Even as we deplore the violence and the loss of lives in Ukraine resulting from the Russian intervention (and the neo-fascist violence in the Donbas), it is valuable to step back and look at how the rest of the world may perceive this conflict, starting with the West’s ethnocentric interest in an attack whose participants and victims they believe share aspects of identity whether related to continent, weather, culture, music, religion or pigmentation.

War in Ukraine joins a sequence of wars that have opened sores on a very fragile planet. Wars in Africa and Middle East seem endless, and some of them are rarely commented upon with any feeling in media outlets across the world or in the cascade of posts found on social media platforms. For example, the war in the Democratic Republic of the Congo, which began in 1996 and resulted in millions of casualties, has not elicited the kind of universal sympathy the world now shows, especially in the reporting in Ukraine.
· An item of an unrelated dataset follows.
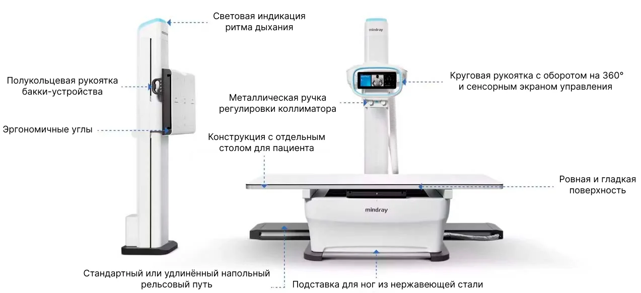 Моторизированность системы упрощает работу рентгенолаборанту с настройкой положения штативов рентгенодиагностического комплекса.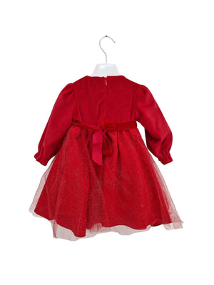 QUESTO INCANTEVOLE VESTITO ROSSO È PERFETTO PER RENDERE OGNI BAMBINA PROTAGNOSITA DURANTE LE FESTE E GLI EVENTI SPECIALI. IL CORPINO IN TESSUTO MORBIDO E VELLUTATO DONA UN LOOK RAFFINATO, MENTRE LA GONNA AMPIA IN TULLE GLITTERATO AGGIUNGE UN TOCCO DI MAGIA E LUMINOSITÀ AD OGNI MOVIMENTO. IN VITA, UNA CINTURA IN VELLUTO CON DELICATO FIORE APPLICATO E PICCOLA PERLA CENTRALE IMPREZIOSISCE L'ABITO CON UN DETTAGLIO ROMANTICO. SUL RETRO, LA CHIUSURA CON CERNIERA NASCOSTA E IL FIOCCO REGOLABILE ASSICURANO UNA VESTIBILITÀ COMODA E IMPECCABILE. UN ABITO IDEALE PER NATALE. CERIMONIE, FESTE DI COMPLEANNO E SERVIZI FOTOGRAFICI, PENSATO PER CHI AMA LO STILE CLASSICO E RAFFINATO. DISPONIBILE DALLA 9 MESI ALLA 30 MESI.

In contrast, the startlingly partisan comments from political leaders and journalists during the conflict in Ukraine have revealed the grip of racism on the imaginations of these moulders of public opinion.

No one, which is to say the political and military forces in the North Atlantic states, cares about the suffering of children in Africa and the Middle East. They are, however, gripped by the war in Ukraine, but it should not be allowed to be seen as worse than other conflicts taking place across the globe that are much more brutal and are likely to slip out of everyone’s consciousness due to the lack of interest and attention given by world leaders and media outlets to them.

Charlie DAgata of CBS News said that Ukraine is not a place, with all due respect, like Iraq or Afghanistan, that has seen conflict raging for decades. This is a relatively civilized, relatively European – I have to choose those words carefully – city, where you would not expect that, or hope that (a conflict) is going to happen. Clearly, these are the things one expects to see in Kabul (Afghanistan) or Baghdad (Iraq) or Goma (the Democratic Republic of the Congo), but not in a relatively civilized, relatively European city in Ukraine. War in these black and brown regions does not need to elicit our outrage. Or so it seems. 

Ukraine’s Deputy Chief Prosecutor David Sakvarelidze said to the BBC: “You would not expect such violence because of the kind of people who were caught in the crossfire: European people with blue eyes and blond hair being killed every day.” Sakvarelidze considers the Ukrainians to be Europeans, although DAgata calls them relatively European. But they are certainly not African or Middle Easterners, people whom, if you think carefully about what is being said here, certain world leaders and international media outlets expect to be killed by the violence unleashed against them by the global great powers and by the weapons sold to corrupt politicians in these regions by these great powers. What really galled me was the inhuman and inhumane treatment of black and Asians caught in the crossfire of this war. Barefaced racism against others was on full display to the eternal shame of Ukraine and its European sympathisers. Europe momentarily becomes a dark continent!!! Then to read that some ignorant, misguided urchins in Abuja are voicing interest as mercenaries in Russian-Ukraine war despite the brutish manner Nigerians were treated made me want to come and give them dirty slaps.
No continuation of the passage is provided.